> _Prompt_: Word for word, output the data, with none of its pictures.
Content starts
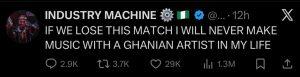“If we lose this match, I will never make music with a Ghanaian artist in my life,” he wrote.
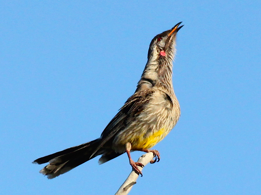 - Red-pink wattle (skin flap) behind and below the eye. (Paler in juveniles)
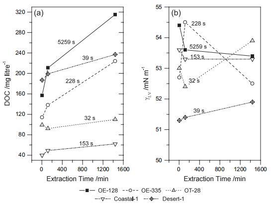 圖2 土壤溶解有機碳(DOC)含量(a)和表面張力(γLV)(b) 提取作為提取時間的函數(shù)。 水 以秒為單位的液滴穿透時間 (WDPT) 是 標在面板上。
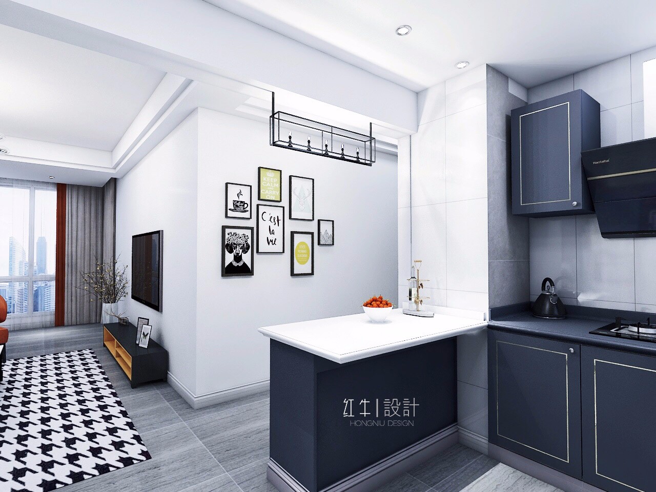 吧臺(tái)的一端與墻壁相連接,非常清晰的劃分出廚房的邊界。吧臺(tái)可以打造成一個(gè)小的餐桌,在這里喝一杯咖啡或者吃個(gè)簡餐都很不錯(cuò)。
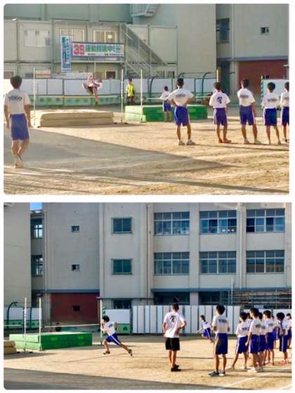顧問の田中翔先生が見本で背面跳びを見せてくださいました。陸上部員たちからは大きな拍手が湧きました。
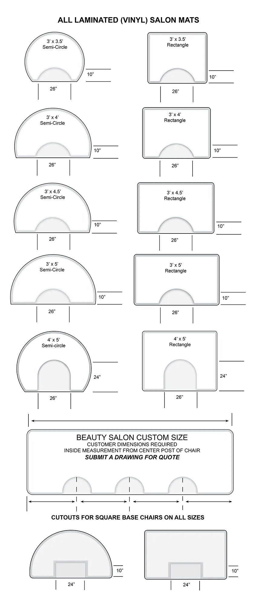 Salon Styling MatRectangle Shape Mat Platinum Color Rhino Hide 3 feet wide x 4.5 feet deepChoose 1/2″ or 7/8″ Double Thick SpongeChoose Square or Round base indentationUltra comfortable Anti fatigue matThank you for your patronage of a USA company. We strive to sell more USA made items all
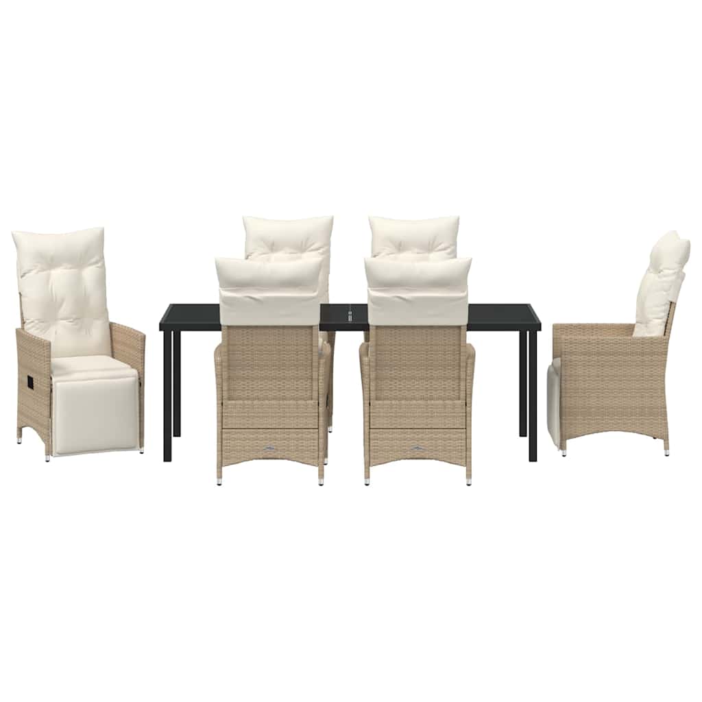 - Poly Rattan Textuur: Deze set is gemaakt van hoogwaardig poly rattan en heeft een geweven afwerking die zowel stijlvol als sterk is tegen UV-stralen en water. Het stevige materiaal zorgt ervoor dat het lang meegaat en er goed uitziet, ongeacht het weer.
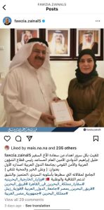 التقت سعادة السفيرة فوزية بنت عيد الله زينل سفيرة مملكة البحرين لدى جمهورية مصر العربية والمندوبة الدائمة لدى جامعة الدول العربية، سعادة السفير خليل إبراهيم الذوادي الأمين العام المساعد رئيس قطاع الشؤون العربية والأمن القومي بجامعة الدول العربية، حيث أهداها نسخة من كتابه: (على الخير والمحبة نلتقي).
Content ends
> _Task answer_:
“If we lose this match, I will never make music with a Ghanaian artist in my life,” he wrote.
 - Red-pink wattle (skin flap) behind and below the eye. (Paler in juveniles)
 圖2 土壤溶解有機碳(DOC)含量(a)和表面張力(γLV)(b) 提取作為提取時間的函數(shù)。 水 以秒為單位的液滴穿透時間 (WDPT) 是 標在面板上。
 吧臺(tái)的一端與墻壁相連接,非常清晰的劃分出廚房的邊界。吧臺(tái)可以打造成一個(gè)小的餐桌,在這里喝一杯咖啡或者吃個(gè)簡餐都很不錯(cuò)。
顧問の田中翔先生が見本で背面跳びを見せてくださいました。陸上部員たちからは大きな拍手が湧きました。
 Salon Styling MatRectangle Shape Mat Platinum Color Rhino Hide 3 feet wide x 4.5 feet deepChoose 1/2″ or 7/8″ Double Thick SpongeChoose Square or Round base indentationUltra comfortable Anti fatigue matThank you for your patronage of a USA company. We strive to sell more USA made items all
 - Poly Rattan Textuur: Deze set is gemaakt van hoogwaardig poly rattan en heeft een geweven afwerking die zowel stijlvol als sterk is tegen UV-stralen en water. Het stevige materiaal zorgt ervoor dat het lang meegaat en er goed uitziet, ongeacht het weer.
 التقت سعادة السفيرة فوزية بنت عيد الله زينل سفيرة مملكة البحرين لدى جمهورية مصر العربية والمندوبة الدائمة لدى جامعة الدول العربية، سعادة السفير خليل إبراهيم الذوادي الأمين العام المساعد رئيس قطاع الشؤون العربية والأمن القومي بجامعة الدول العربية، حيث أهداها نسخة من كتابه: (على الخير والمحبة نلتقي).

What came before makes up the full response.